By rights Ricky Gervais should be popping up in every American sitcom as a butler, in every Hollywood film as a one-eyed baddie and in so many adverts he's perceived as Linda Barker in a maternity suit.
That's the kind of destiny reserved for British comedians who create a comic character so loved and aped in every continent that they win the highest plaudits the world's award panels can shower on them.
But the fat, pasty-faced bloke from Reading can't play that game. He hates fame, has no need for money and cringes when he is lazily referred to as a genius. To Gervais the one quote that trumps all' the sycophancy was uttered by Clint Eastwood, on behalf of America, when The Office picked up the first of this year's two Golden Globes: "Who the f*** are these guys?" Anonymity, or the little he can steal while trying to take his comedy on to a higher plane, is the state where Gervais wants to live.
His idea of a perfect day is spending eight hours behind his desk in a sparse Soho room, blinds drawn, head down, chiselling out sentences or sorting out admin on his computer. It turns out all he ever wanted to do was work in The Office, "I don't exist to see my fat face popping up everywhere, because I don't think any of us were meant to be famous," he says. "I'd rather come to my office, shut out the world, sweat and get a headache.
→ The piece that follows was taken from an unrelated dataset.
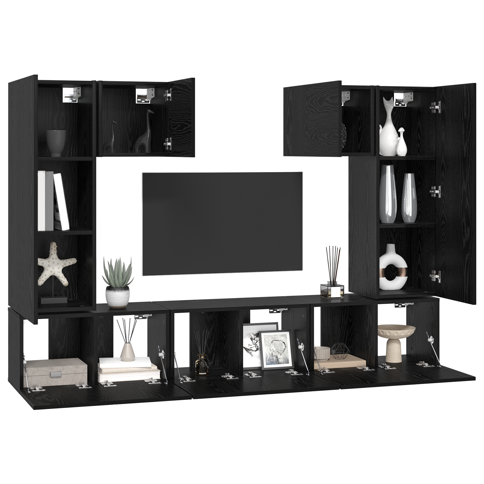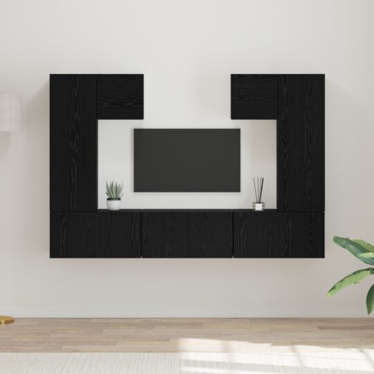 Set comodă TV Pe perete 7 pcs Stejar negru 180 x 30 x 120 cm

"I can't understand why so many people actually like fame. And the frightening thing with most of them is that they're never famous enough. When I've been on the telly I can't wait for all the fuss to die down, so when I'm walking down the street nobody's shouting: 'oi, Ricky' at me. "But most of the these so-called famous people spend their nights zapping the TV control, screaming: 'Come on; I must be on a repeat somewhere.'
"Most kids' ambition today is to have their face recognised. Put the bloke who discovers the cure for Aids next to someone from Hollyoaks and they'd be in awe of the actor from Hollyoaks every time.